Static linking is possible (make STATIC=1). For ARM64, use the aarch64 source tree (nmon_aarch64_linux).

2.2.4 Running nmon Inside Docker

Yes, you can run nmon in containers—but remember:

  • Containers see their own namespaces
  • For host metrics, you need access to /proc and /sys

This is more advanced and usually unnecessary unless debugging containerized workloads.

FROM ubuntu:22.04
RUN apt-get update && apt-get install -y nmon && rm -rf /var/lib/apt/lists/*
ENTRYPOINT ["/usr/bin/nmon"]

Run container with host proc & sys mounted (required for accurate stats):

docker run --rm -it \
  --pid=host \
  -v /proc:/proc:ro \
  -v /sys:/sys:ro \
  my-nmon-image -f -s 30 -c 1440

2.3 First Run – “Hello‑World”


Just type:

nmon

nmon is waiting for you to tell it what you want to see.

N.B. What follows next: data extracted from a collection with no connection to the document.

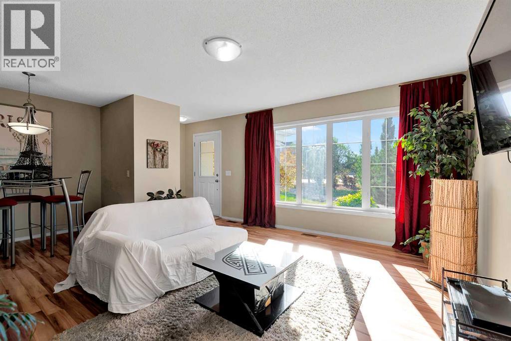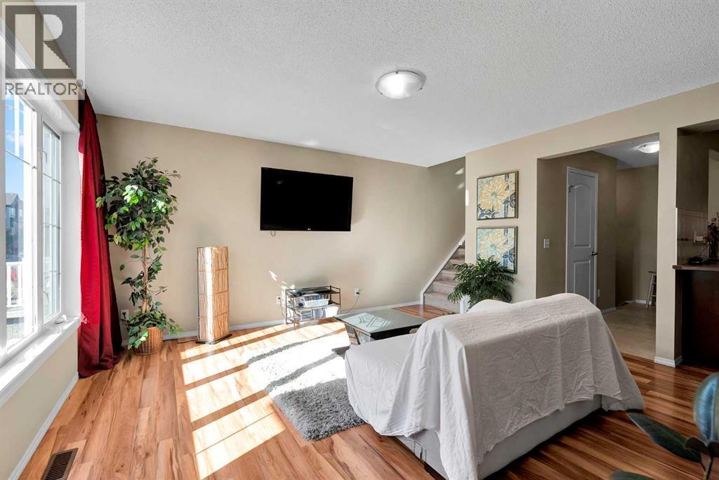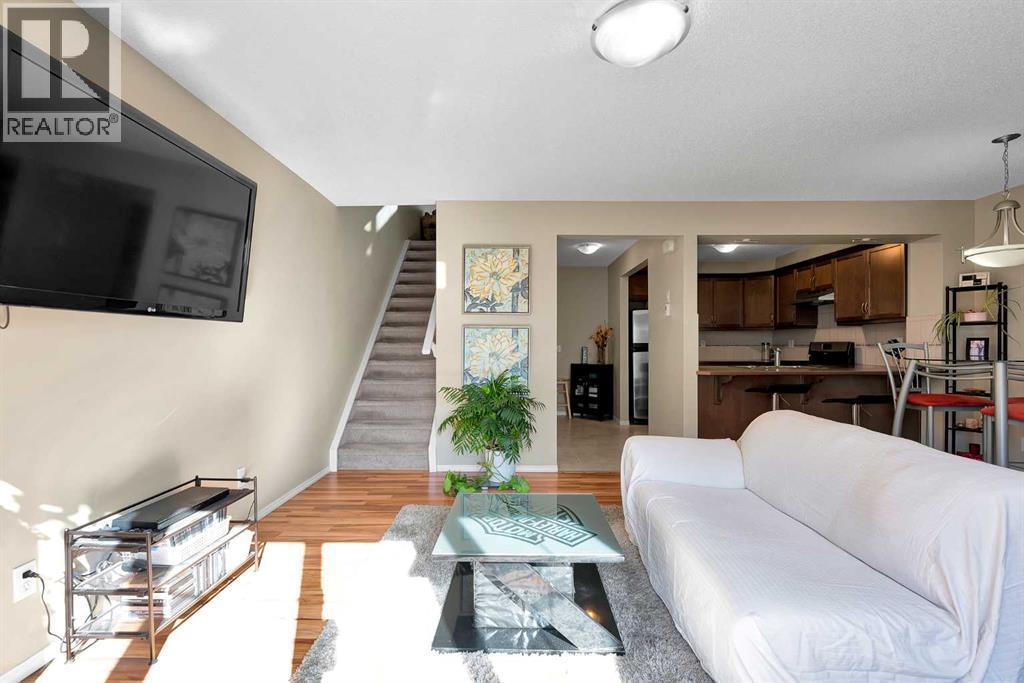 Spacious Townhome Across from the Park – Double Garage & Bonus Room with Balcony. Welcome to this bright and inviting 3-bedroom, 3-bathroom townhouse ideally situated across from a beautiful park. Featuring a double attached garage and thoughtful layout, this home offers the perfect balance of comfort and convenience. The main floor features an open-concept living space with laminate flooring, a stylish kitchen equipped with a breakfast bar, and ample storage throughout. Upstairs, a versatile bonus room opens to a large balcony with a gas line for your BBQ—perfect for entertaining or enjoying your morning coffee. All three bedrooms are generously sized, and the high-efficiency furnace ensures year-round comfort. The basement half bath is already roughed in, offering the potential to create a full bathroom if desired. Enjoy relaxing on your south-facing front patio, or take advantage of the unbeatable location steps from schools, parks, walking paths, transit, and shopping, with easy access to Calgary for commuters. Don’t miss out, schedule your private showing today. (id:6769)
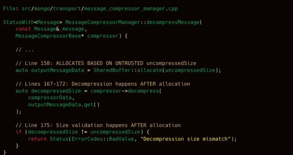 Cato CTRL ties the issue to MongoDB’s compressed message handling (OP_COMPRESSED) and says the server allocates memory based on an attacker-controlled “uncompressed size” field before it fully validates the decompressed result.
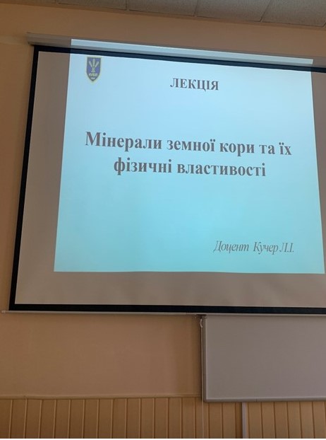 Лекція проходила в очному форматі з дисципліни ˮГеологія і геоморфологіяˮ та присвячена темі: ˮМінерали земної кори та їх фізичні властивостіˮ. Лекція проходила в лекційні аудиторії 6 корпусу НУБіП України.

You will see a screen like:

   NMON - version 19.2    2025-10-13 14:20:01

   C: CPU    M: Memory    D: Disk    N: Network   T: Top Processes
   L: LPAR   V: Virtual   P: Power   G: GPU

   Press: ? for help, q to quit, s to start/stop snapshot

Press c to toggle the CPU view, m for memory, d for disks, etc. The UI updates every second by default.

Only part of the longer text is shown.